The slave suit was powered by hydraulics and electricity and amplified the wearer’s strength by a factor of 25, so that lifting 110kg would feel like lifting 4.5kg. Unfortunately, however, the suit itself weighed 680kg and the response time was incredibly slow, as was its walking speed. What’s more, bugs reportedly caused “violent and uncontrollable motion by the machine” when moving both legs simultaneously. It came as no surprise, then, when these challenges ended the Hardiman project in 1971.
A lot has changed since these early advances. “There’s been an explosion of innovation in the areas of biomechanics, prosthetics, robotics and control systems, man-machine interfaces, end effectors, mechatronic subsystems and power management,” explains Kristi Martindale, chief product officer at US technology firm Sarcos Robotics. “These developments have led over time to the commercial viability of exoskeleton technologies.”
“Exoskeletons have also become lighter, more efficient, and able to more closely mimic movement like the human gait,” adds Marc Carrel-Billiard, senior managing director and technology innovation lead at multinational professional services company Accenture. “This makes them safer and more practical than ever before.”
As a result, there has been a proliferation of new exoskeleton companies over the years. “We’ve been around since the very start, but today there are over 80 exoskeleton companies globally all trying to solve complex human factors with exoskeletons,” explains Michael Pratt, vice president of California-based firm Ekso Bionics.
This global effort is expected to lead to real market growth. ABI Research predicts the robotic exoskeleton market will reach US$1.8bn in 2025, up from $68m in 2014. It will then increase to a massive $11.5bn by 2030, with full-body powered industrial exoskeletons comprising almost 50 per cent of that amount. “These are significant numbers, and really highlight the size of the market opportunity for exoskeletons,” Martindale says.
Along with this growth will come expanded use cases, especially in industries like construction and manufacturing, where employees carry and transfer heavy loads and move in a repetitive manner.
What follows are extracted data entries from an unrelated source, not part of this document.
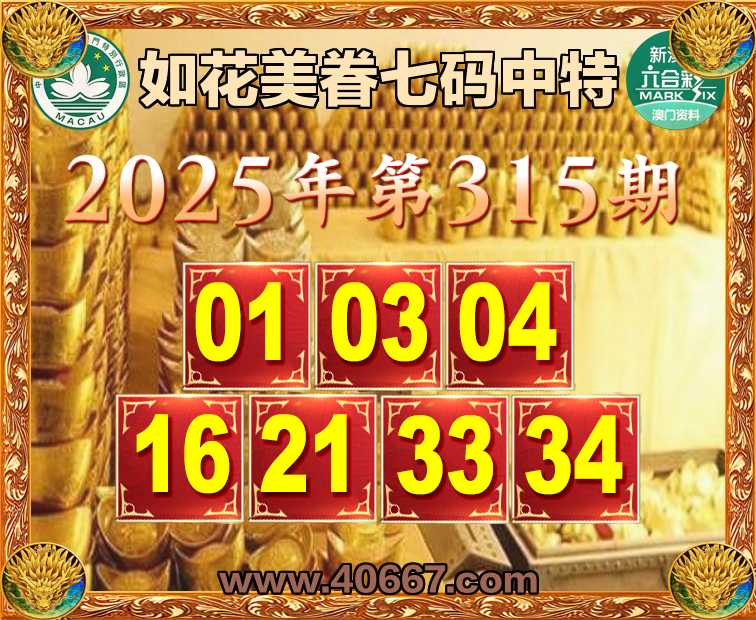 315期:【如花美眷】  ♣️七码中特 ♣️【01.03.04.16.21.33.34】开:00准
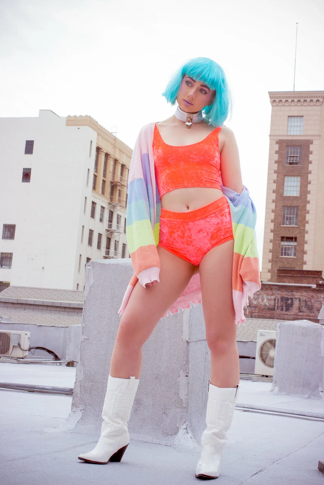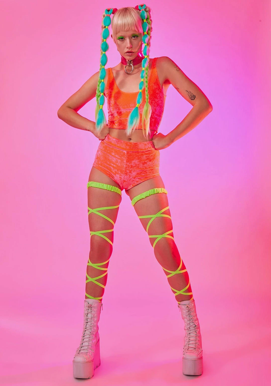 The Sugarpuss velvet high waist Cheeky Shorts are cut at the waist to hit just below the belly button. The back of the shorts have a perfect sexy fit which is cut to show a little cheek.
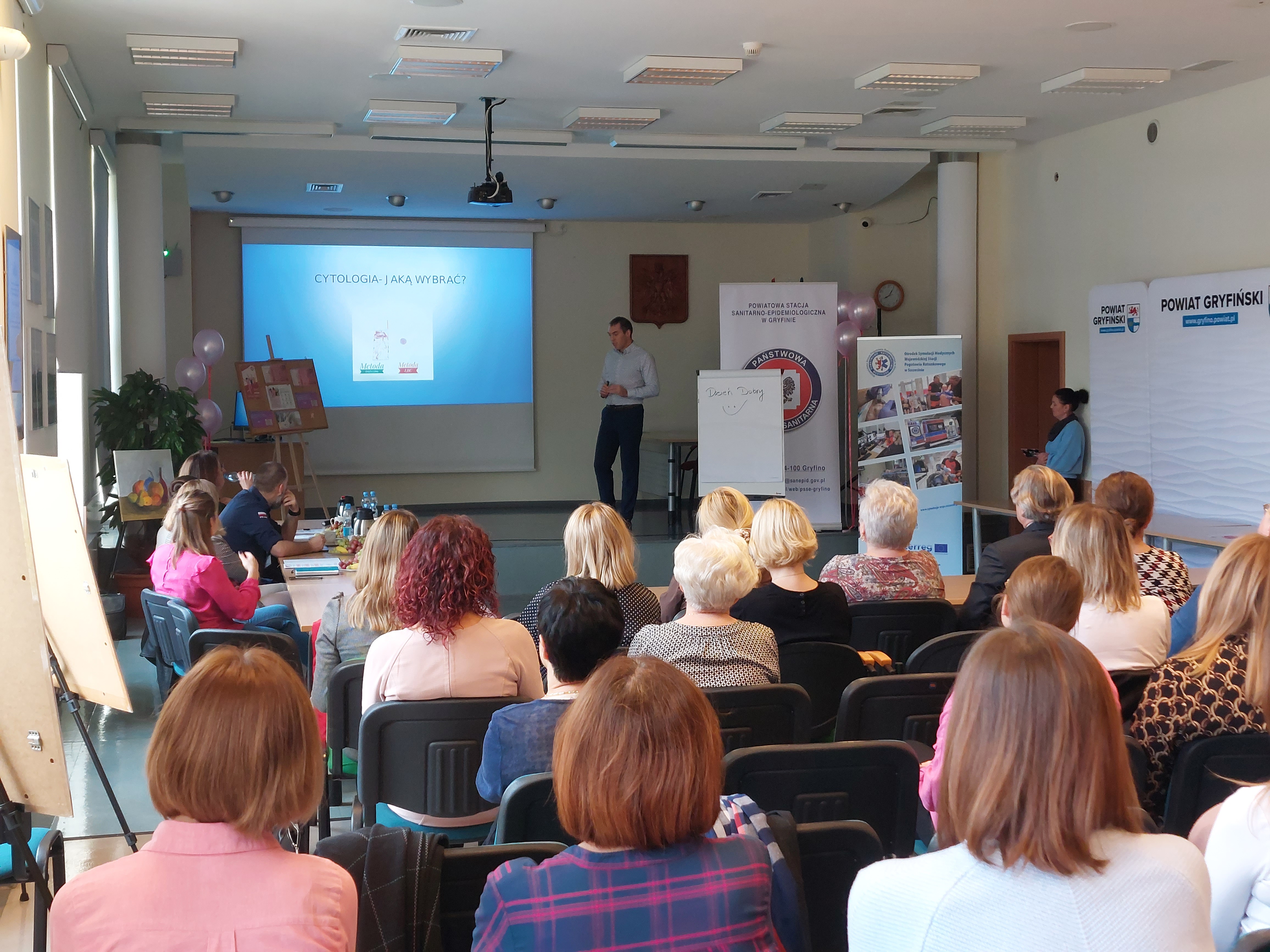 Następnie usłyszeliśmy wykład doktora Sławomira Szymańskiego - ginekologa, onkologa pracującego w Szpitalu Powiatowym w Gryfinie, który omówił zagadnienia raka szyjki macicy oraz piersi.

“Back injuries are currently the second most common cause of missing work in the US and cause an estimated economic impact of $100bn annually,” says Carrel-Billiard. “Exoskeletons provide the worker with more strength, agility and endurance and can allow them to lift heavy objects, reducing the overall load on personnel. Meanwhile, passive exoskeletons – those that don’t require external power – are a cost-effective option to reduce physical strain and can be made available to thousands of employees.”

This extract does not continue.